Video Story: https://youtu.be/VHOrluSrJx8
There is no better way to recount an event than with footage from a camera. A camera will always capture exactly what happened.
“What’s the point of having a body camera right, if we don’t know how to get it?” Joy Ramsingh, lawyer and owner of Ramsingh Legal is teaching journalists how to get body and dash cam footage from agencies in different states.
“You need public records,” said Ramsingh.
“Ever since 2020, and ever since this movement for community led policing and the terrible events that happened with George Floyd there has been kind of this gap where all of a sudden law enforcement agencies are getting body camera installed and up and running but there is not a lot of information on how to specifically get these records,” she said.
Even as an attorney, Ramsingh said she has had many difficult experiences trying to request body or dash cam footage from agencies. She said, agencies often give requesters the run around. For instance, they can take a long time responding to your footage request or they say sharing the video can invade the privacy of citizens.
To avoid letting this behavior from ag
encies block your access to the important footage, Ramsingh influenced journalists to think more like lawyers.
Through powerpoint slides and a game of “requester versus agency”, Ramsingh shared 6 rules for when journalists are requesting footage:
- Aways make a call to the agency to get a sense of who is on the other end of line and so they can get a sense of who you are.
- Keep documentation that you requested footage and how the agency responded.
- Never tell the agency your motive for requesting the footage.
- Keep the request straight to the point and simple.
- Ask for an advance notice if there is a fee for the footage.
- If they say no, it is time to negotiate!

Kate Jacobson and Attia Robinson (left to right)
Two student journalists said they learned a lot from Ramsingh’s exercise, “agency versus requester.”
“I was the police department secretary,” said Kate Jacobson.
“I was the requester,” said Attia Robinson
“At the police station it was very easy for me to just say no and that was kind of interesting and eye opening. I mean yea, they can just say no and if she *gestures to Robinson* can’t afford to litigate. I mean what are you going to do?” said Jacobson.
“Scrambling to find information to rebut.

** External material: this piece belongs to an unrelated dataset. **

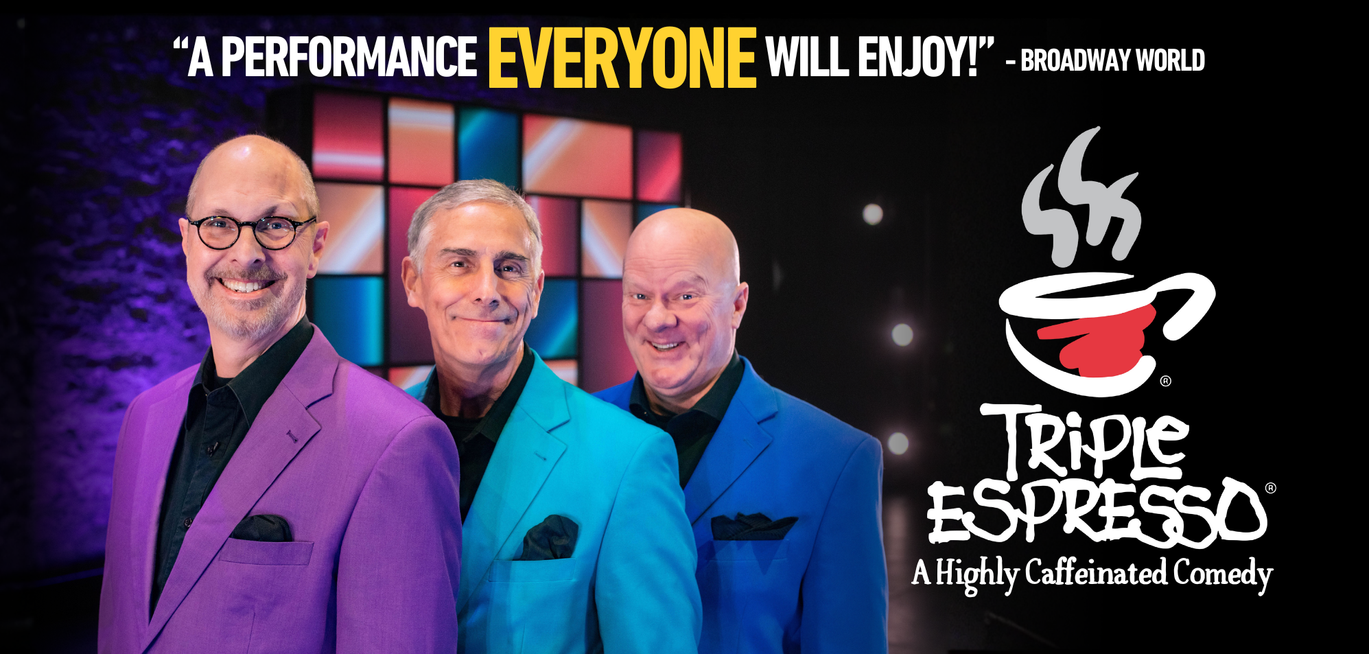This three-man show has entertained over 2 million people in over 50 cities in 6 countries. The show has been performed in the West End (The Arts Theatre) and continuously ran in Minneapolis and San Diego for over a decade. Triple Espresso has mass appeal, shown by its record as being the longest-running show in Minneapolis, MN, Des Moines, IA, San Diego, CA, and even Dublin, Ireland. CLICK HERE to learn more.

They [referring to a hypothetical police station] were not even giving me things to rebut they were just like no,” explained Robinson.
“We’re trying to give students the tools to be able to survive a real world negotiation with an agency,” said Ramsingh.
By the end of the session Ramsingh handed out white key cards with a QR code. If attendees scanned the barcode, it led them to a free state by state guide on how to get body and dash cam footage. The shared information is funded and provided by Ramsingh’s law firm, Ramsingh Legal. Each state has different access laws to police footage.
Ransingh said she wants journalists to learn how to arrange facts and present them to the agencies to get the outcomes that they want. She also emphasized that these agencies are not doing you a favor by giving you access to footage, they are required to share it with you by law.
Robinson even hoped that one day the roles of the requester and agency will be switched.
“I just think that if its a public record by law then it should be that police department has to put in a request to keep things away from the public record instead of us having to request to get the information.”